Artturi Jalli's Blog

Artturi Jalli's Blog

Getters and Setters in Swift

Getters and Setters in Swift

In Swift, you can store properties inside classes, structures, and enumerations. These properties are known as stored properties. As an example, a Person class could have a property called name.

In addition to stored properties, you can define properties that are not stored anywhere. Instead, they are computed on-demand when accessing them. These properties are called computed properties.

Computed properties offer getter and setter methods to work with.

  • The getter method get() is computes the value when accessing the property.
  • The setter method set() indirectly modifies other related properties.

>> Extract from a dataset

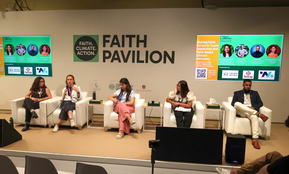 Lucy Plummer of SGI (second left) speaking at a side event on "Moving Faith Forward: Youth Leadership and Faith-based Climate Advocacy" at the Faith Pavilion.
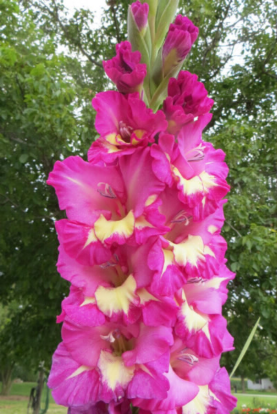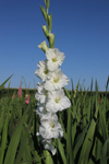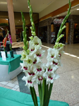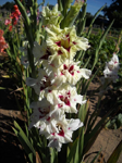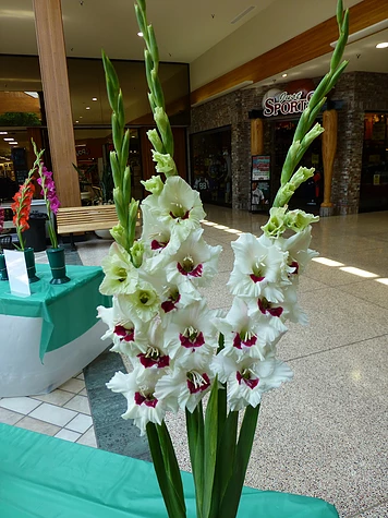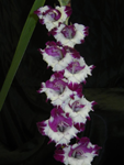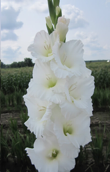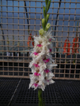 19-15 Spiked N-111 201 John Alleman Brenda Jo X Sensation white with dark raspberry dart in the lip petals 3-3/4" floret, 21 buds, 7 open, 7 in color Flowerhead 20" Field height 43" Early Alleman Gladiolus |

Let's see what these mean in action.

Example

Say you're dealing with weights. It is important you can work with kilos and pounds smoothly. So you'd like to be able to do at least something like this:

let weight = Weight()

weight.kilograms = 100
print(weight.pounds)

weight.pounds = 315
print(weight.kilograms)

Output:

220.5
142.85715

Let's implement a Weight class that utilizes computed properties to achieve the desired behavior:

class Weight {
    var kilograms: Float = 0.0
    var pounds: Float {
        get {
            return (kilograms * 2.205)
        }
        set(newWeight) {
            kilograms = newWeight / 2.205
        }
    }
}

Now with this simple class, you get the exact behavior you wanted. Let's test it:

let weight = Weight()

weight.kilograms = 100
print(weight.pounds)

weight.pounds = 315
print(weight.kilograms)

Output:

220.5
142.85715

Good. Changing kilos updates pounds and changing pounds updates kilos.

How Does It Work?

Take a look at the implementation of the Weight class above. kilograms is just a variable that is stored in the weight object (a stored property). But pounds is a computed property. It has two jobs:

  1. Convert kilograms to pounds on demand.
  2. Indirectly change kilograms when pounds are updated.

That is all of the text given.